Content starts

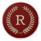 En elegant monogrammade en enkel bild av utandningen av faux guld och vit glitter över en mörkröd bakgrund.
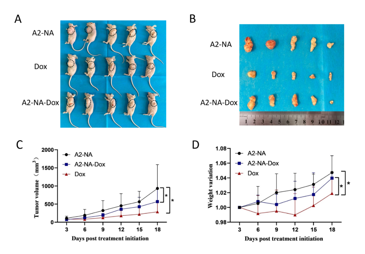 (3)以核酸适配体A2为靶向分子设计并构建了A2-NA纳米结构,该纳米结构能够负载高浓度的Dox并将其特异性递送至靶细胞,实现肿瘤的靶向治疗。
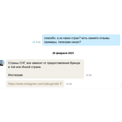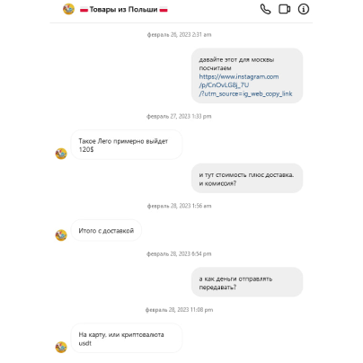 Доставщик не внушает доверие: нет отзывов, в разговоре не была раскрыта цена и комиссии. Активность инстаграм слабая. Обратная связь в течение дня.
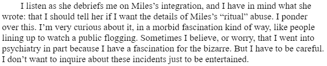 (The part I'm leaving out after this is a descriptor of the abuse suffered by this alter. I'm not including it in part because it feels personally wrong for me to post the details of other peoples' trauma, and in part because I don't want this review to consist of nothing but passages from the book. I want to write my own thoughts, too!)
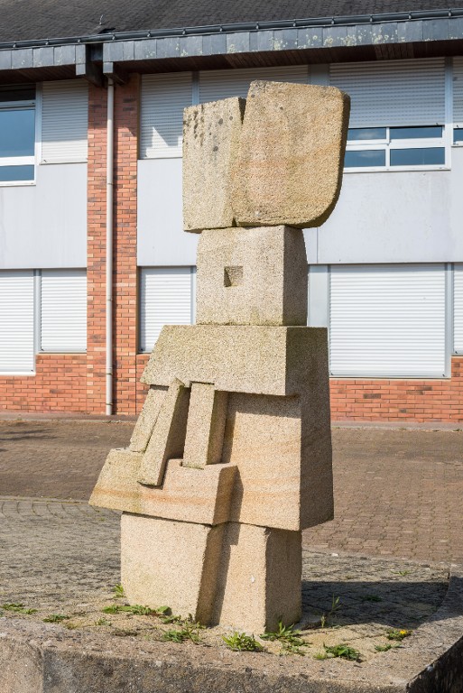 Michel Politzer, Espace sculpté, 1986 : un des trois "totems" en granite beige de Gourin.Immatriculation

Content ends

Assignment ▸
The lines to copy begin at the one containing "(The part I'm" and end at the last line of the records. Set down exactly those lines and no others, both ends included, and omit all pictures.

Result ▸
 (The part I'm leaving out after this is a descriptor of the abuse suffered by this alter. I'm not including it in part because it feels personally wrong for me to post the details of other peoples' trauma, and in part because I don't want this review to consist of nothing but passages from the book. I want to write my own thoughts, too!)
 Michel Politzer, Espace sculpté, 1986 : un des trois "totems" en granite beige de Gourin.Immatriculation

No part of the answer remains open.